Merry Christmas: Thoughts, Reflections and Big Changes

Merry Christmas! Merry Christmas to all my friends, family and clients.  Without all of you, I wouldn't be who I am today, and I'm so grateful for every single person that has touched my life.  I think in the hustle and bustle of the Holiday Season, it's really easy to take Christmas for granted.  It's a challenge for sure to take the time to realize what the holiday season is all about, and really say a genuine Merry Christmas to the people around us.  Last night I watched the Grinch Who Stole Christmas (well, to be honest, I only watched a couple minutes of it... we all ended up falling asleep on the couch for most of it ... we must have been tired!), a Christmas classic now a days, and in the words of Cindy Lou Who, "l look around at you and Mom and everyone getting all kerbobbled. Doesn't this seem superfluous?"   Every year when I watch this movie, I'm reminded that Christmas isn't about presents and getting all "kerbobbled".  The great Dr. Seuss reminds us in this movie that, "Maybe Christmas perhaps doesn't come from a store, maybe perhaps it means a little bit more."  

In two weeks from today I will be starting my graduate degree at the University of Regis to get my Masters of Education in Elementary with an Art Education Endorsement. Because of this week being Christmas and next week being New Years week, last week was my last official week of babysitting.  After being a nanny for almost 7 years, you can imagine how life-changing this was for me.   As I reflect on my last week of babysitting, I realize that I am so blessed to have been able to work with all these children for so long.  It is because of these kids that made me want to become a teacher in the first place.  Without them, I'd be lost.
I also realized this week that I don't take enough time to ever slow down and really cherish every moment that surpasses me.  Often enough, I speed through life, and find myself wishing for time to go by faster, and all the while I forget to live in the moment, and sometimes, even, take too many things for granted.
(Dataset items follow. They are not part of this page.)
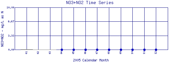 Select on the parameter name to view all Nitrate + Nitrite time series plots on the basin map. Select on the table date to view stream Nitrate + Nitrite profiles observed on that date. Select here to view all parameters at this site.
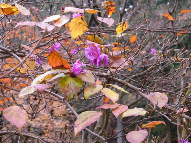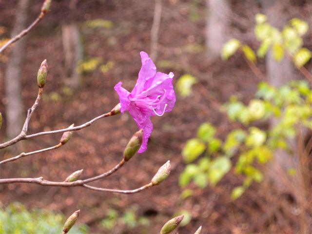昨日は狂犬集団の話だったが、今日は、チョット可愛らしく、季節外れの花便り。 5月に咲く、ミツバツツジが咲きました。 こんな寒い日に咲く事もないだろうに、今朝の気温は2℃だよ。 ただでさえ短い花の命が、幾日もつかナ〜。
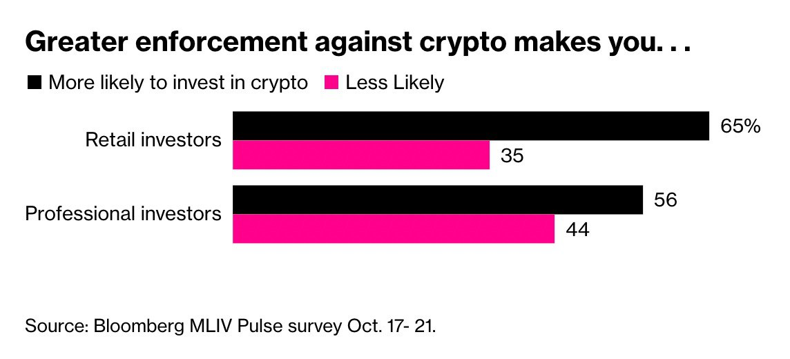 Bloomberg MLIV Pulse anketine göre, artan yasal düzenleme ve baskılara rağmen uzman yatırımcıların yüzde 56’sı kripto para sektörüne adapte olmaya ve Bitcoin satın almaya devam ediyor.
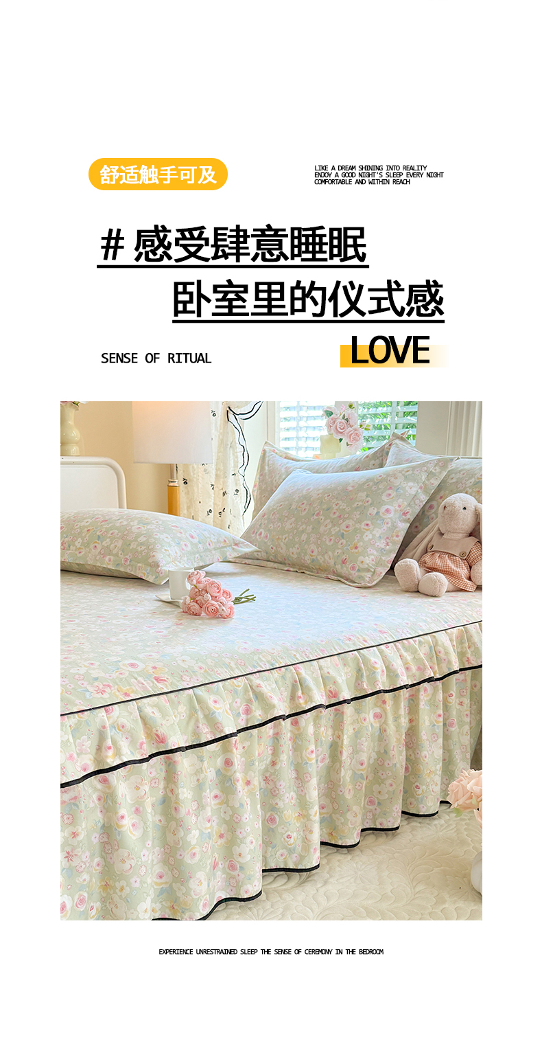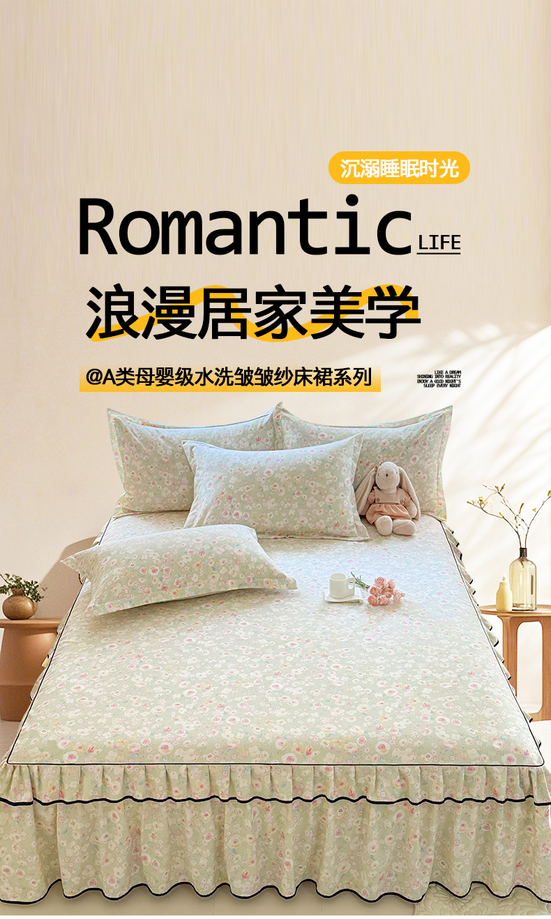 当前位置: 91家纺网 > 商品网购 > 床上用品 > 床裙 > 优家居 2026新款A类水洗棉床裙单件三件套皱皱纱韩版公主风花边床罩直播爆款外贸定制 海棠花颂

The tragedy that occurred on Friday, Decemeber 14th shook me to pieces, completely shattering my heart.  The events are so unimaginable and so unbelievably sad that I have woken up every day since then with the heaviest heart, aching for all the parents, families, children, students, teachers and lives that were affected.  I don't want to talk about gun control or media or mental health, and don't worry I won't... It breaks my heart that, as a country, we divide straight down the middle when a tragedy occurs and argue about issues that are arbitrary instead of coming together as one in order to heal broken hearts, mourn, grieve and be the nation under God that we are supposed to be.  We will never agree, so why do we even bother.  All I want to do is mourn with the people that lost their children and loved ones, and maybe also change the way I live my life.  Slow down, take a deep breathe, remember what it is actually important and most of all, cherish every moment we have with the people we love.  If you are anything like me, you might feel the same way I do right now.  Because of the Sandy Hook tragedy, I've had a hard time getting in the Christmas spirit.  As I sat and cried and talked with one of the Mom's of whose kids I babysit, she said, "I don't know what to do, except be the best Mom that I can be and love my children and every moment I spend with them."  I think that's very true... that is all we can do.  All we can really do is become better people because of this.  Love a little more and try to stop taking things for granted.  Make sure everyone you love knows that you love them. a lot.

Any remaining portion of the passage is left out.